When one member of the Treasury Select Committee, Liberal Democrat MP John Thurso, said: “Could we get back to Captain Mainwaring running a bank we could trust?” the quaint ineffectiveness of the whole occassion was sealed. Sir Tom McKillop (former RBS) laughed and replied: “Well I recognise that sentiment.” Ahhhh...

...the reassuring, bumbling amateurishness of Britain's favourite bank manager and part-time Captain of the Home Guard (a fictional character I love, by the way) versus the former Masters of the Universe - no competition! In this climate Mainwaring wins every time. But perhaps a slither of sense sneaked under the door of the Select Committee and floated like a nasty smell through the corridors of the Palace of Westminster to get up the noses of any MP who might try and escape the dense toxic fog engulfing UK's political class and the sensible words were:

“It’s just too simple if you want to blame it all on me.” (Sir Fred the Shred Goodwin, former RBS CEO).
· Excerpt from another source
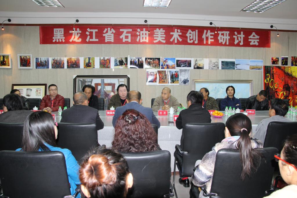 2015年10月18日,按照Bevictor伟德官网科研工作部署,更好的完成《新时期大庆精神铁人精神传播载体的创新与实践》油田主题创作项目,在省美术家协会部署下,伟德体育在艺术实验楼召开了“黑龙江省石油美术创作研讨会”。

Case not closed. Case never properly opened.

Thursday, 5 February 2009

Gordon Brown: saving the world from depression

I have complete antipathy with anyone who occasionally muddles up words. My heart goes into them. It's only humane; everyone does it sometimes. Gordon Brown is only suffering from Wrong Word Syndrome (WWS) and it is cruel, and frankly not politically correct of David Cameron, to tease and jibe Gordon about what is clearly an affliction.

Today at Prime Minister's Questions (PMQs) Gordon told MPs: "We should agree as a world on a monetary and fiscal stimulus that will take the world out of r... depression." In December, Gordon said at PMQs: "we not only saved the world" when he meant to say "banks".

There is only one man who can save the world from depression and that is Gordon. I can't think of anyone else more suitable to lift hearts and minds and put a smile back on faces as we sit at home thawing out by maxed-out, fuel bill unfriendly radiators.

Gordon is going to make sure that we get off with a light headache you just wait and see. You might feel a bit fuzzy but it ain't full blown, clinical "D" word. How do I know? Just look into his eyes... he hasn't a clue what's going on, let alone what's coming out of his mouth.